Restate exactly the lines below, from the one containing "こんな時期に、遊具付近やプー" through the final line, and leave out the pictures.

# # # # #

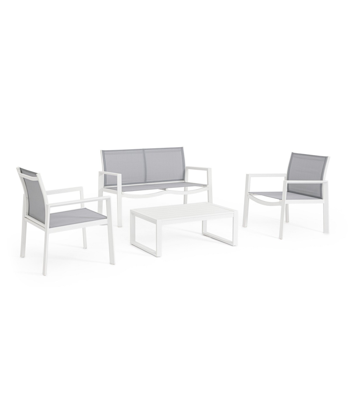 ALLUMINIO VERNICIATO A POLVERE (POLIESTERE). SEDUTA E SCHIENALE IN TEXTILENE 2X1. VITERIA IN ACCIAIO INOSSIDABILE. DA ASSEMBLARE.
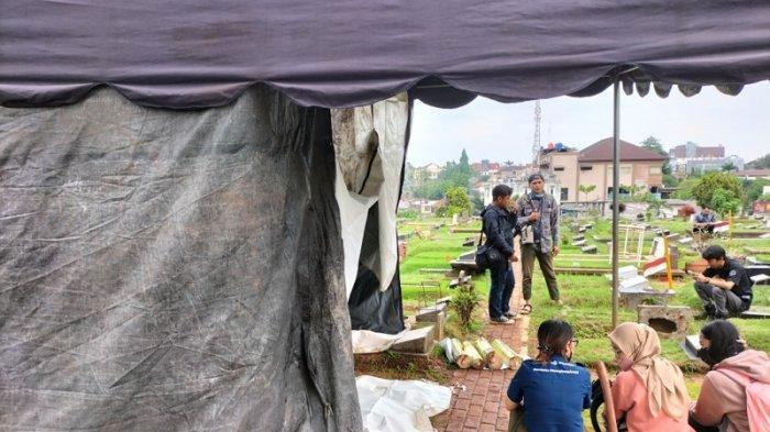 Kondisi proses pembongkaran makam Dante, anak Tamara Tyasmara & Angger Dimas di TPU Jeruk Purut, Pasar Minggu, Jakarta Selatan, tertutup dijaga polisi
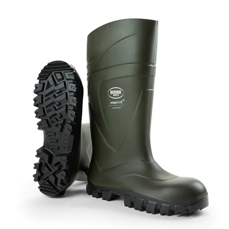 The Bekina Boots StepliteX Solid Grip Steel are a hard wearing work boot specially developed for the agricultural sector. It offers excellent grip on the most slippery surfaces (SRC approved) and insulates to -30°C. Every pair of boots comes with a moisture absorbing ergonomic footbed, so your feet will always stay dry.The Bekina Boots StepliteX Solid Grip Steel have a steel toe for maximum protection while working.
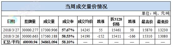 累計情況:截至3月27日,累計計劃出庫36萬噸,累計出庫成交23.64萬噸,成交率為65.63%;成交最高價16310元/噸,最低價12940元/噸。
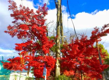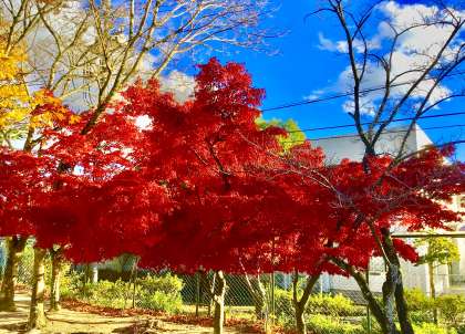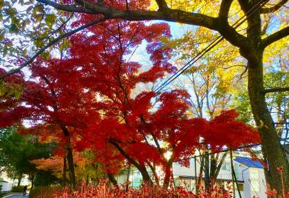 こんな時期に、遊具付近やプールの裏では、まだまだ鮮やかな紅葉を見ることができます!
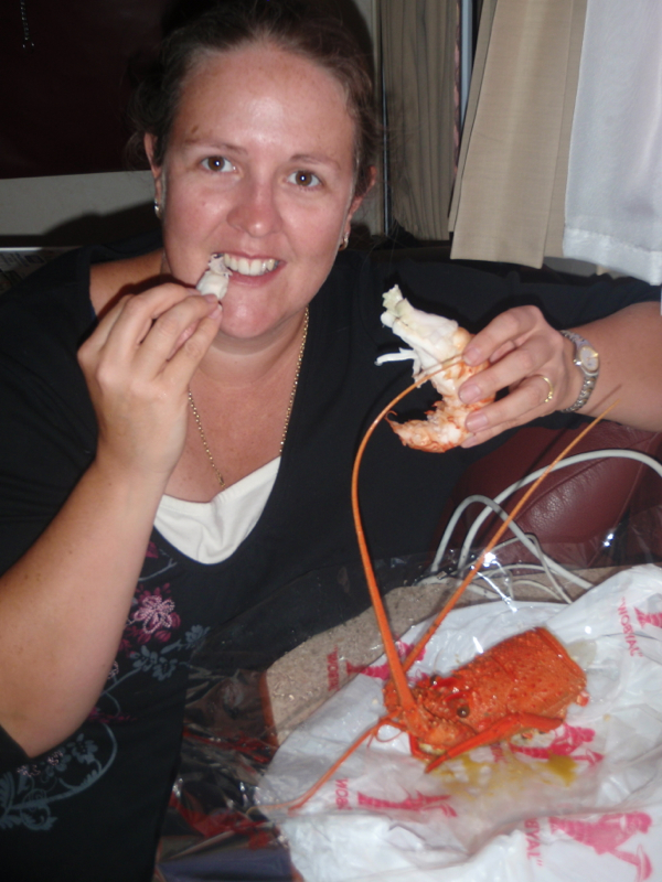 Although, we still hadn’t ventured further than walking distance from the caravan park when I found myself pulling to the side of the road yet again, this time to allow Bec to run into the ‘Lobster Shack’, where she was able to get herself a fresh off the boat and cooked this morning lobster for lunch.
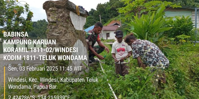 Pada hari senin, 3-febuari-2025,bertempat di Kp Windesi,Distrik Windesi babinsa ramil -02/wds, Srd ,Koromat melaksanakan giat ,kerja bhakti pemasangan pipa air bersih, bersama petugas air Kp.Windesi.
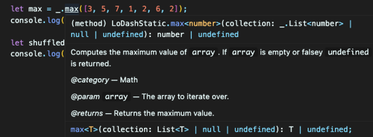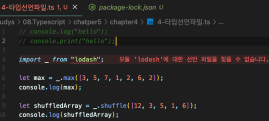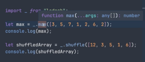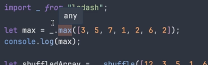 max는 배열에서 제일 큰 값을 찾는거고 셔플은 무작위로 섞는거다. 밑줄은 .d.ts가 없어서 그렇다는데 일단 무시해도 실행은 된다.
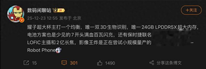 这款概念手机会在明年3月份亮相,而博主此前表示春节前只有小米一家会推出超大杯,预计Robot Phone概念机会和Magic 8 Ultra一同亮相,届时是不是合二为一,我们期待一下。
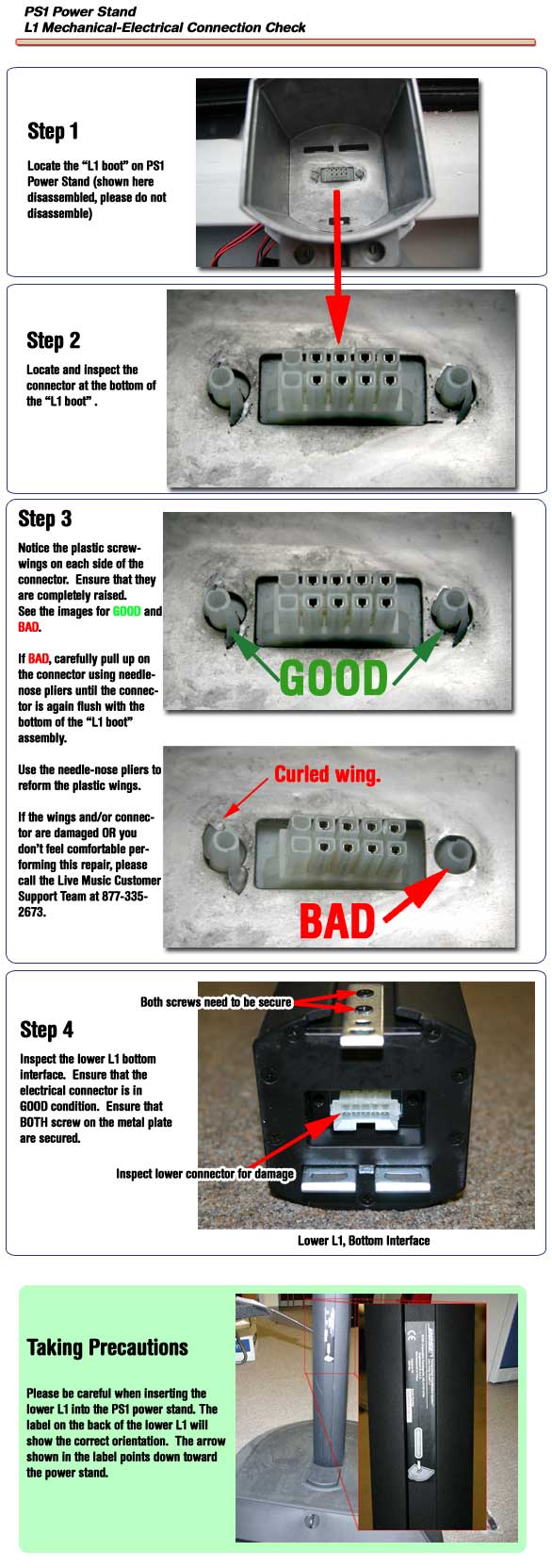 Inspecting for damaged connectors in the PS1 Powerstand boot.

# # # # #

**Result of the exercise**
 こんな時期に、遊具付近やプールの裏では、まだまだ鮮やかな紅葉を見ることができます!
 Although, we still hadn’t ventured further than walking distance from the caravan park when I found myself pulling to the side of the road yet again, this time to allow Bec to run into the ‘Lobster Shack’, where she was able to get herself a fresh off the boat and cooked this morning lobster for lunch.
 Pada hari senin, 3-febuari-2025,bertempat di Kp Windesi,Distrik Windesi babinsa ramil -02/wds, Srd ,Koromat melaksanakan giat ,kerja bhakti pemasangan pipa air bersih, bersama petugas air Kp.Windesi.
 max는 배열에서 제일 큰 값을 찾는거고 셔플은 무작위로 섞는거다. 밑줄은 .d.ts가 없어서 그렇다는데 일단 무시해도 실행은 된다.
 这款概念手机会在明年3月份亮相,而博主此前表示春节前只有小米一家会推出超大杯,预计Robot Phone概念机会和Magic 8 Ultra一同亮相,届时是不是合二为一,我们期待一下。
 Inspecting for damaged connectors in the PS1 Powerstand boot.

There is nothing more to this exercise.